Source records
▬▬▬
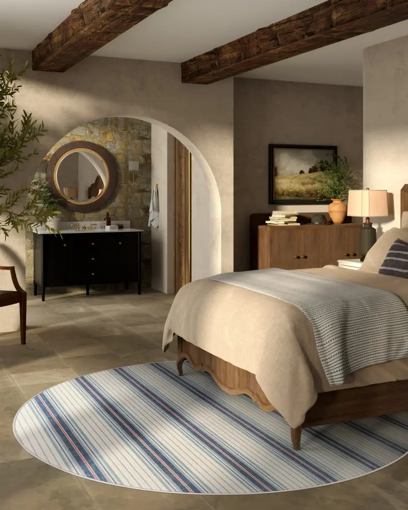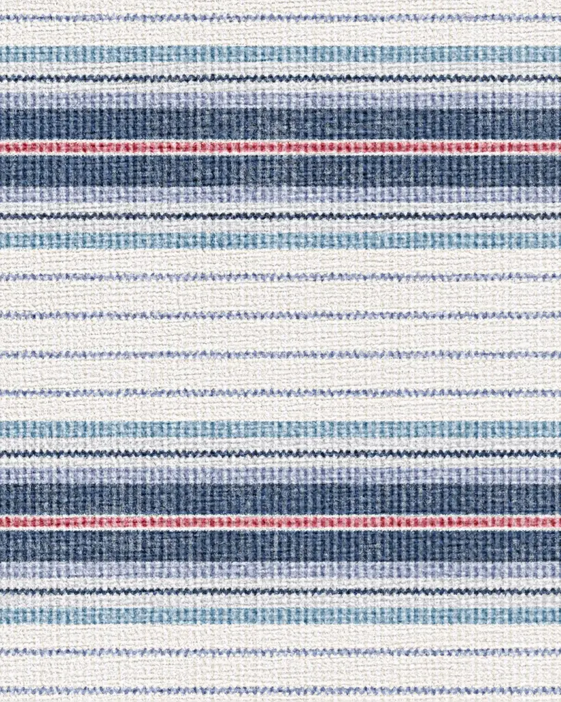Inspired by traditional fine-striped designs, our Cosette Stripe Ivory & Indigo Rug offers a coastal-inspired aesthetic with vertical stripes in contrasting tones of navy blue and slate blue against an off-white background. A fine red accent stripe provides a pop of color throughout the pattern. Water-resistant, stain-resistant, and machine-washable. Rug colors may vary slightly according to your device and the lighting in your space.
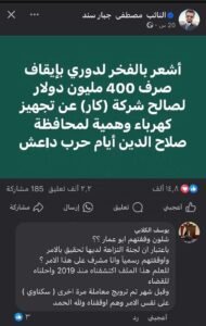 على منصة الفيس بوك، تباهى النائب، مصطفى سند، بإيقاف صرف 400 مليون دولار لصالح شركة “كار” عن تجهيز كهرباء وهمية لصلاح الدين، قبل أن “يستغرب” النائب يوسف الكلابي، ويقول إنه “اكتشف الملف منذ 2019، وقبل أيام أوقف قضية مشابهة”.
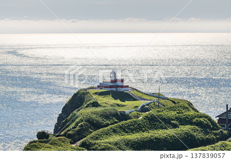 北海道小樽市 キラキラと輝く海に照らされる日和山灯台
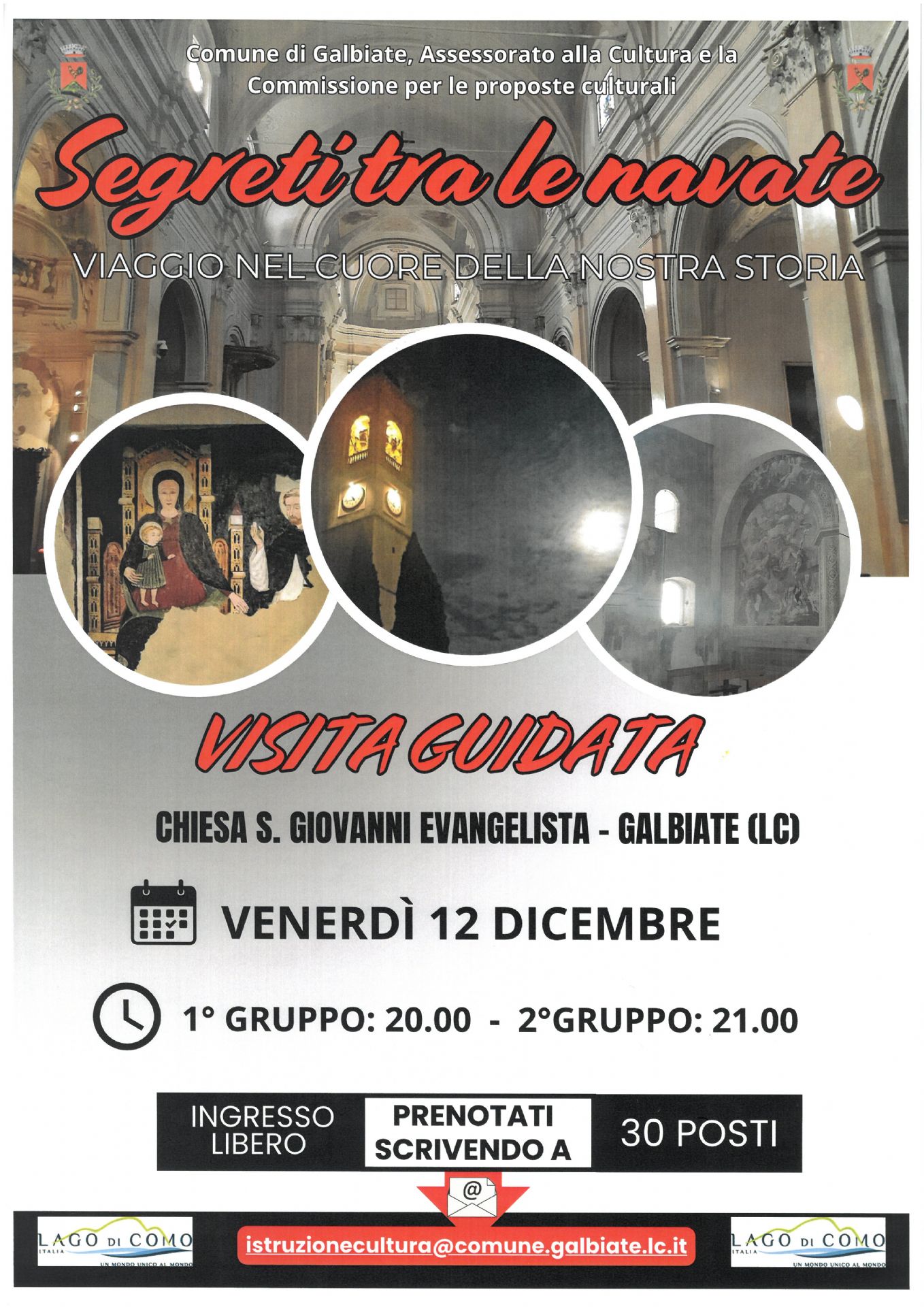 Considerato il notevole successo dell’iniziativa Segreti fra le navate – Viaggio nel cuore della nostra storia, Venerdì 12 Dicembre si terranno delle Visite Guidate presso la Chiesa di San Giovanni Evangelista di Galbiate. I partecipanti saranno divisi in due gruppi che partiranno rispettivamente alle 20.00 e alle 21.00.
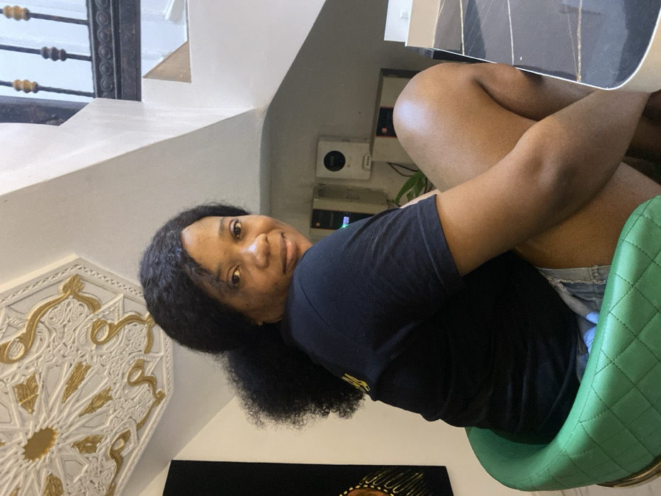 An adult female is depicted seated indoors in Galadimawa, Nigeria, turned slightly to her right and looking directly at the camera. She has dark, textured hair styled in a partial ponytail and wears a black short-sleeved t-shirt and light-colored shorts. She occupies a green, quilted upholstered chair with a visible metallic base. Her right arm is bent, resting on her knee, which is raised. A dark-patterned table with a light edge is visible to her right. The background features a white-painted staircase with dark metal railings. Beneath the staircase, several wall-mounted electronic devices are visible, including a white circular unit and multiple rectangular units, possibly utility equipment. A dark art piece with a golden design is on the wall to the left. Overhead, a white and gold decorative ceiling medallion with intricate patterns is visible.
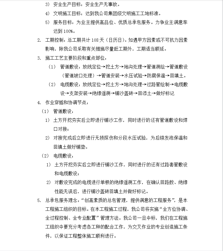 5)服务目标:为业主提供高品位、优质总承包服务。力争业主满意率达到100%。
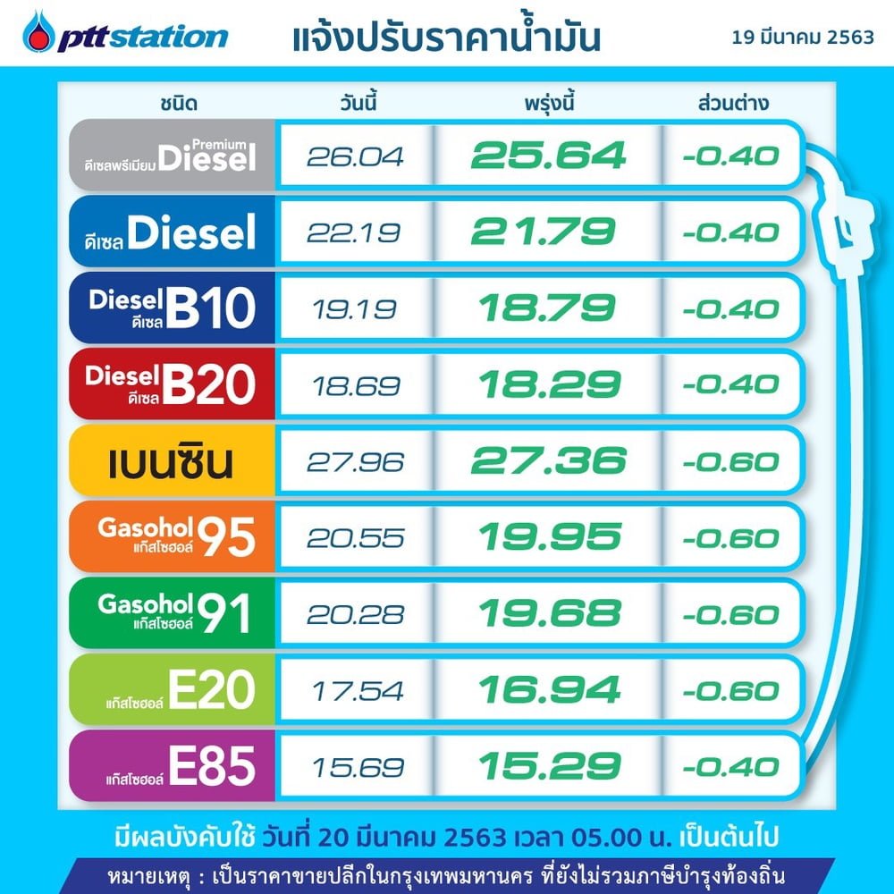 บมจ.ปตท.น้ำมันและการค้าปลีก (OR) ในกลุ่ม บมจ.ปตท. (PTT) และ บมจ.บางจาก คอร์ปอเรชั่น (BCP) ปรับลดราคาขายปลีกน้ำมันกลุ่มเบนซิน รวมถึงแก๊สโซฮอล์ ลิตรละ 0.60 บาท ยกเว้น E85 และดีเซล ปรับลดลง ลิตรละ 0.40 บาท โดยมีผลตั้งแต่เวลา 05.00 น. วันพรุ่งนี้ (20 มี.ค.)
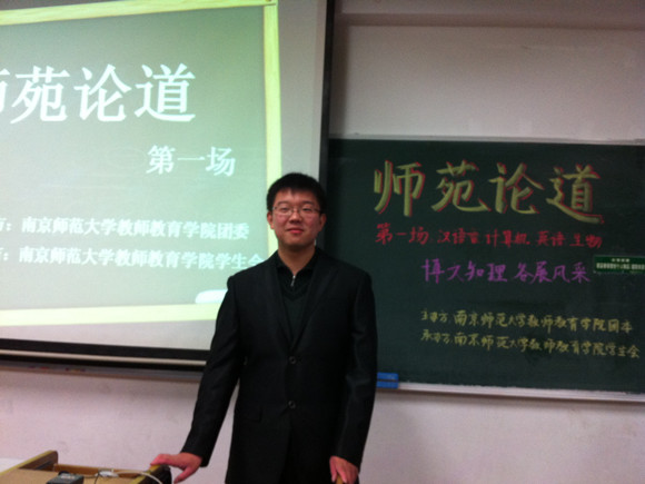二号参赛者是计算机师范的景添同学,他深入浅出地为我们讲解了如何运用C语言统计单词数。景添同学生动幽默的讲课使C语言变得简明易懂,相信即使是零基础的同学也受益匪浅。三号参赛者是英语师范的顾旻同学,她的说课向我们诠释了Body Language的奥秘。人物面部表情与单词的配对环节,更是将气氛推至高潮。最后上场的是生物师范的周志鹏同学,他的课题是发酵食品。他以葡萄酒、食醋、酸奶、腐乳的制作过程为例,幽默风趣地说明了发酵的原理。
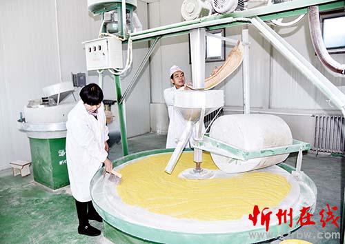 代縣南北兩半坡所產(chǎn)的小米,由于地理環(huán)境特殊,無霜期長,光照充足,晝夜溫差大,不僅色澤金黃品質(zhì)優(yōu),而且口感好,久負(fù)盛名,十分走俏。該公司用石碾加工小米,以散裝每公斤14元、高檔包裝每公斤16元出售,銷往北京、太原等地。圖為公司員工用石碾加工小米(石俊文 劉睿)
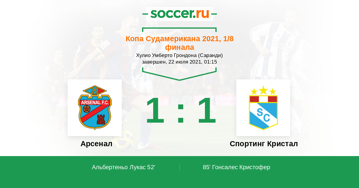 52' (1:0) Альбертеньо Лукас (9) (Кастро Федерико (11))
▬▬▬
## YOUR GOAL:
Drop every image, please, and write out the data above exactly as shown.

## FINISHED TASK:
Inspired by traditional fine-striped designs, our Cosette Stripe Ivory & Indigo Rug offers a coastal-inspired aesthetic with vertical stripes in contrasting tones of navy blue and slate blue against an off-white background. A fine red accent stripe provides a pop of color throughout the pattern. Water-resistant, stain-resistant, and machine-washable. Rug colors may vary slightly according to your device and the lighting in your space.
 على منصة الفيس بوك، تباهى النائب، مصطفى سند، بإيقاف صرف 400 مليون دولار لصالح شركة “كار” عن تجهيز كهرباء وهمية لصلاح الدين، قبل أن “يستغرب” النائب يوسف الكلابي، ويقول إنه “اكتشف الملف منذ 2019، وقبل أيام أوقف قضية مشابهة”.
 北海道小樽市 キラキラと輝く海に照らされる日和山灯台
 Considerato il notevole successo dell’iniziativa Segreti fra le navate – Viaggio nel cuore della nostra storia, Venerdì 12 Dicembre si terranno delle Visite Guidate presso la Chiesa di San Giovanni Evangelista di Galbiate. I partecipanti saranno divisi in due gruppi che partiranno rispettivamente alle 20.00 e alle 21.00.
 An adult female is depicted seated indoors in Galadimawa, Nigeria, turned slightly to her right and looking directly at the camera. She has dark, textured hair styled in a partial ponytail and wears a black short-sleeved t-shirt and light-colored shorts. She occupies a green, quilted upholstered chair with a visible metallic base. Her right arm is bent, resting on her knee, which is raised. A dark-patterned table with a light edge is visible to her right. The background features a white-painted staircase with dark metal railings. Beneath the staircase, several wall-mounted electronic devices are visible, including a white circular unit and multiple rectangular units, possibly utility equipment. A dark art piece with a golden design is on the wall to the left. Overhead, a white and gold decorative ceiling medallion with intricate patterns is visible.
 5)服务目标:为业主提供高品位、优质总承包服务。力争业主满意率达到100%。
 บมจ.ปตท.น้ำมันและการค้าปลีก (OR) ในกลุ่ม บมจ.ปตท. (PTT) และ บมจ.บางจาก คอร์ปอเรชั่น (BCP) ปรับลดราคาขายปลีกน้ำมันกลุ่มเบนซิน รวมถึงแก๊สโซฮอล์ ลิตรละ 0.60 บาท ยกเว้น E85 และดีเซล ปรับลดลง ลิตรละ 0.40 บาท โดยมีผลตั้งแต่เวลา 05.00 น. วันพรุ่งนี้ (20 มี.ค.)
二号参赛者是计算机师范的景添同学,他深入浅出地为我们讲解了如何运用C语言统计单词数。景添同学生动幽默的讲课使C语言变得简明易懂,相信即使是零基础的同学也受益匪浅。三号参赛者是英语师范的顾旻同学,她的说课向我们诠释了Body Language的奥秘。人物面部表情与单词的配对环节,更是将气氛推至高潮。最后上场的是生物师范的周志鹏同学,他的课题是发酵食品。他以葡萄酒、食醋、酸奶、腐乳的制作过程为例,幽默风趣地说明了发酵的原理。
 代縣南北兩半坡所產(chǎn)的小米,由于地理環(huán)境特殊,無霜期長,光照充足,晝夜溫差大,不僅色澤金黃品質(zhì)優(yōu),而且口感好,久負(fù)盛名,十分走俏。該公司用石碾加工小米,以散裝每公斤14元、高檔包裝每公斤16元出售,銷往北京、太原等地。圖為公司員工用石碾加工小米(石俊文 劉睿)
 52' (1:0) Альбертеньо Лукас (9) (Кастро Федерико (11))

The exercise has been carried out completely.